The group also focuses on outreach for people in non-life-threatening situations, such as teaching Girl Scouts about serving the community and giving preschoolers a fun break with the dogs. One of the newest manifestations of their mission is “Dog Church” for people with special needs at Macon Resources Inc. They offer a brief monthly service of singing, a message and prayers, along with interactions before and after with the dogs. The meeting has quickly become popular since its October inception.

More than faith is growing at the ministry. From September 2014 to today they have expanded from one registered therapy dog to six, with some having specialized focuses such as wounded warriors, veterans and sexual assault victims. It wasn’t by the group’s design that all but one of the dogs is a golden retriever, it just happened.

Their calm, gentle demeanors and easily trained personalities make them ideal candidates for the job. People who love this particular breed have gravitated toward the volunteer work at PawPrint, including trained handler Regan Deering. Her dog, JJ, is a golden retriever that came from the same breeders who provided dogs appearing in the Air Bud film franchise.

Deering encountered the ministry at a community cookout for those in need and was so impressed that she earned the qualifications to join the organization. Deering said her active volunteer role stems from taking pleasure in the joy that the dogs bring to the community.

The handlers have found a deeper connection with their dogs over the course of a year or more. They’ve worked together through challenging and inspiring visits, while building an intuitive relationship through regular training.

“At first he was just one of the dogs in PawPrint Ministries, but he now has come into my heart and my husband’s heart and he sleeps on our bed,” vice president and dog handler Judy Koshinski said with a laugh about her comfort dog, Eli.

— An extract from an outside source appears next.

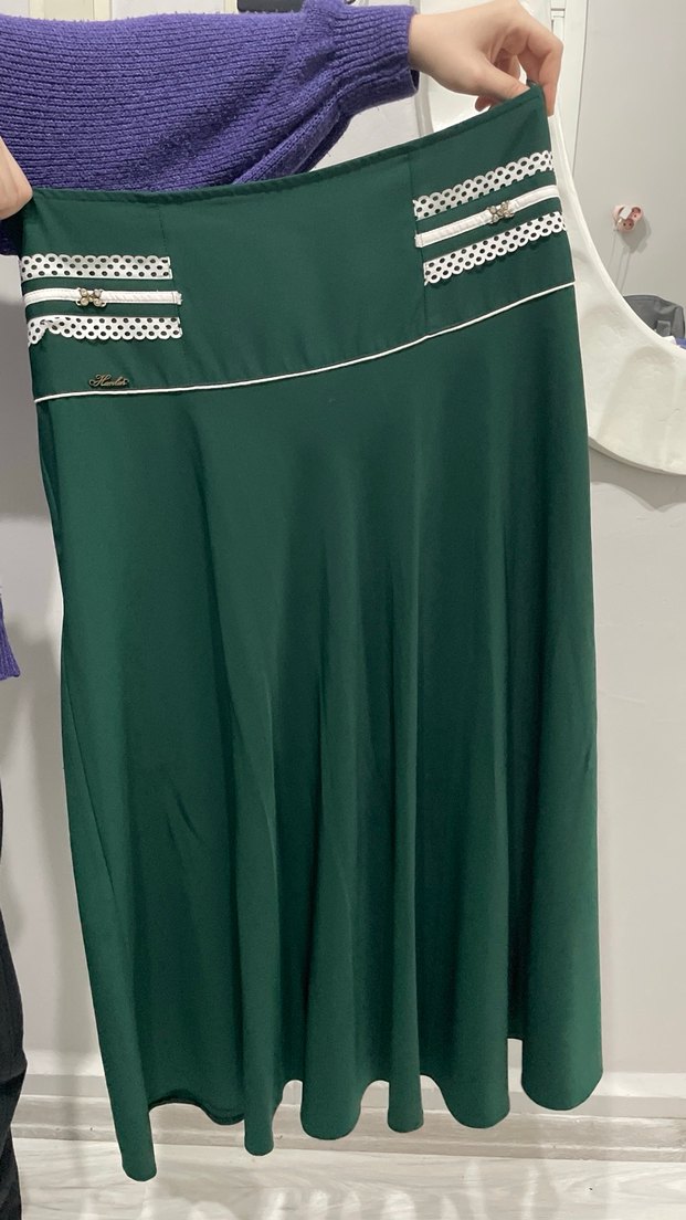 Drapeli tasarıma sahip parlak yeşil uzun etek, beyaz şerit detaylarıyla klasik ve rahat bir görünüm sunar.

Jennifer Dahn goes almost everywhere with her dog, Payton, even church. She trains with him twice a week, working on continuing skills. “He knows when I’m anxious . when I’m excited. He knows how to keep me calm. I think we work very well together as a team,” she said.

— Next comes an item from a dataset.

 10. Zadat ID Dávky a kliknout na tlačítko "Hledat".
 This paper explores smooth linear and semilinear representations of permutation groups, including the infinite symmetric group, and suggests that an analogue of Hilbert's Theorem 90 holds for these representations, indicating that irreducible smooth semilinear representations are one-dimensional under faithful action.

More has been accomplished in the first year and a half of the ministry than Dahn could have imagined. She said optimistically that she can’t even fathom where they’ll be five years from now as their services are currently expanding. The nonprofit group has seen an outpouring of support from the community.

At their “Pennies for the Paws” fundraiser, they were moved at the great lengths many young contributors went to support their mission. One case in particular was a grade school student who turned in a bag of change and proudly told them he was giving away all of his saved money for the dogs.

They have also experienced a growing need for their comfort dog services. The organization is looking for more handlers and plans to train additional teams to keep up with the demand. They see the potential for growth nationally, with one dog in Benson, Minnesota, already added to the Decatur-based ministry.

Dahn said that the joy and smiles she has witnessed over the past year and a half of working with comfort dogs has given her a feeling that is “indescribable.”

However, when asked about her outlook for the future of PawPrint Ministries, Dahn’s words were exact: “The sky’s the limit.”